- Work to complete: Retype only what runs from the beginning of the data through the line with "Proffes - идеально"; please omit the pictures and keep every line exact.

- Supplied information:
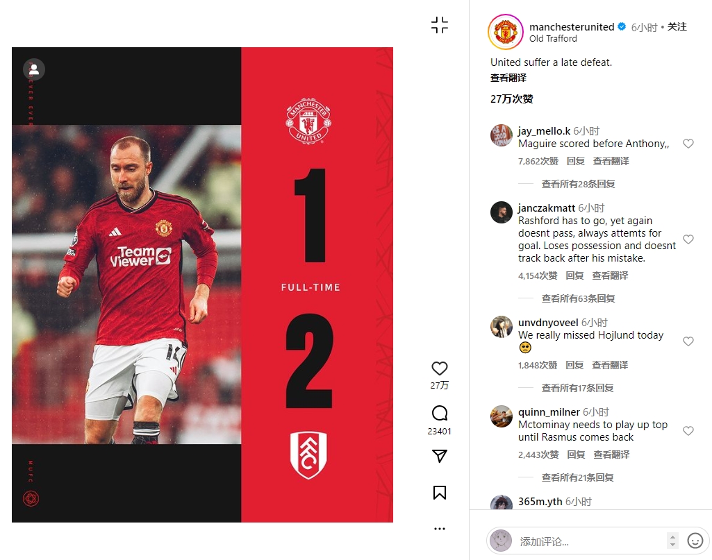 英超第26轮,曼联1-2遭富勒姆绝杀,本场比赛曼联前锋拉什福德发挥不佳,赛后在曼联官方和他自己的社媒评论区,球迷们对他展开了激烈批评。在拉什福德个人的社媒下
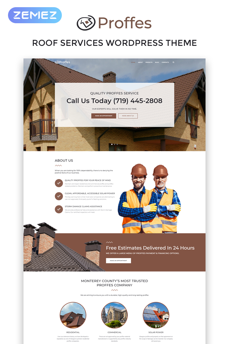 Proffes - идеально подходит для сайтов в области Кровельная компания. WordPress отличный шаблон - Roof Services Multipurpose Classic WordPress Elementor Theme.
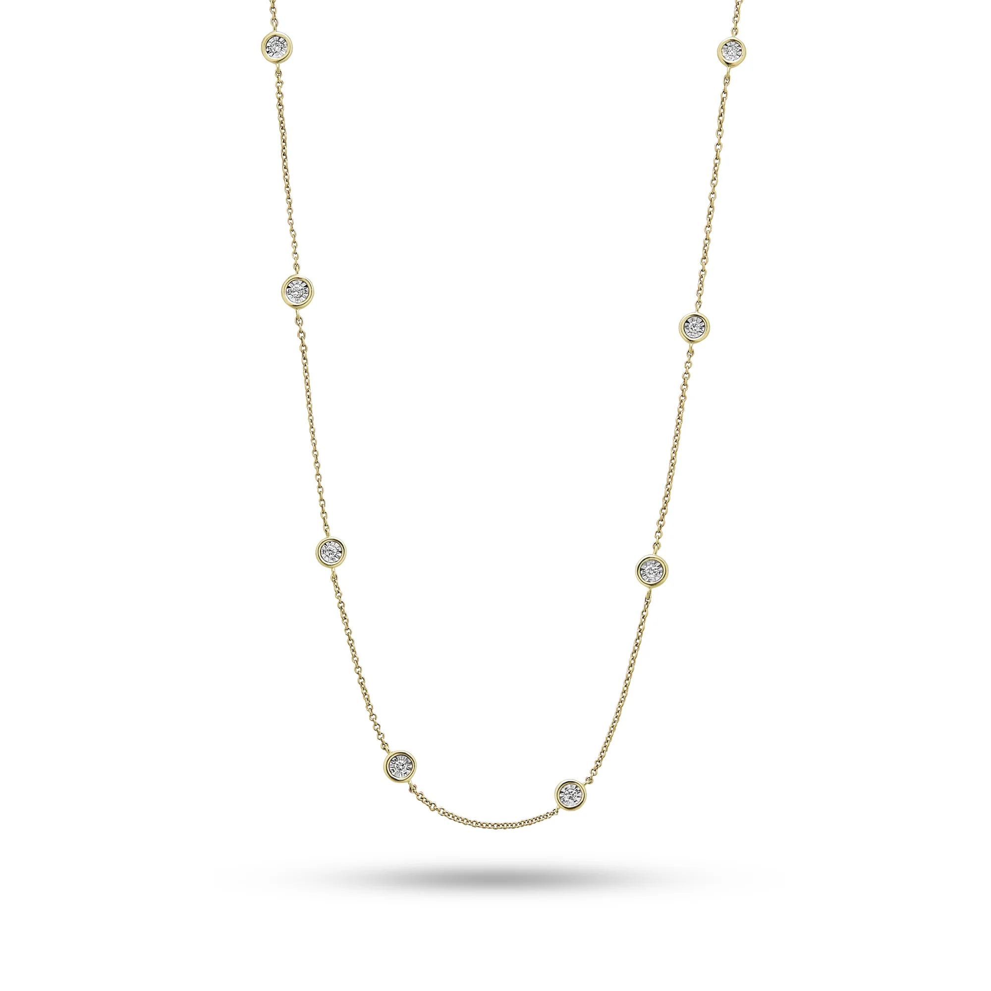 - Ethically sourced materials and conflict free diamonds - Adjustable chain length: 16"-18" - Fully compliant with The Kimberley Process - Trigger clasp closure - 10K Solid yellow gold - Illusion plate setting - Natural white diamonds: 0.11 CTW (approx) - Diamond quality: HI-I2 Additional Information Diamond jewelry is forever. That's why we focus on the details and great value when it comes to designing our pieces. You'll find sleek, modern styles with keen attention to balance and proportion — because they can't just look good now, they need to last. Designed in NYC, our jewelry uses 100% ethically-mined diamonds, set in solid gold to ensure no tarnishing or flaking.

- Written solution:
 英超第26轮,曼联1-2遭富勒姆绝杀,本场比赛曼联前锋拉什福德发挥不佳,赛后在曼联官方和他自己的社媒评论区,球迷们对他展开了激烈批评。在拉什福德个人的社媒下
 Proffes - идеально подходит для сайтов в области Кровельная компания. WordPress отличный шаблон - Roof Services Multipurpose Classic WordPress Elementor Theme.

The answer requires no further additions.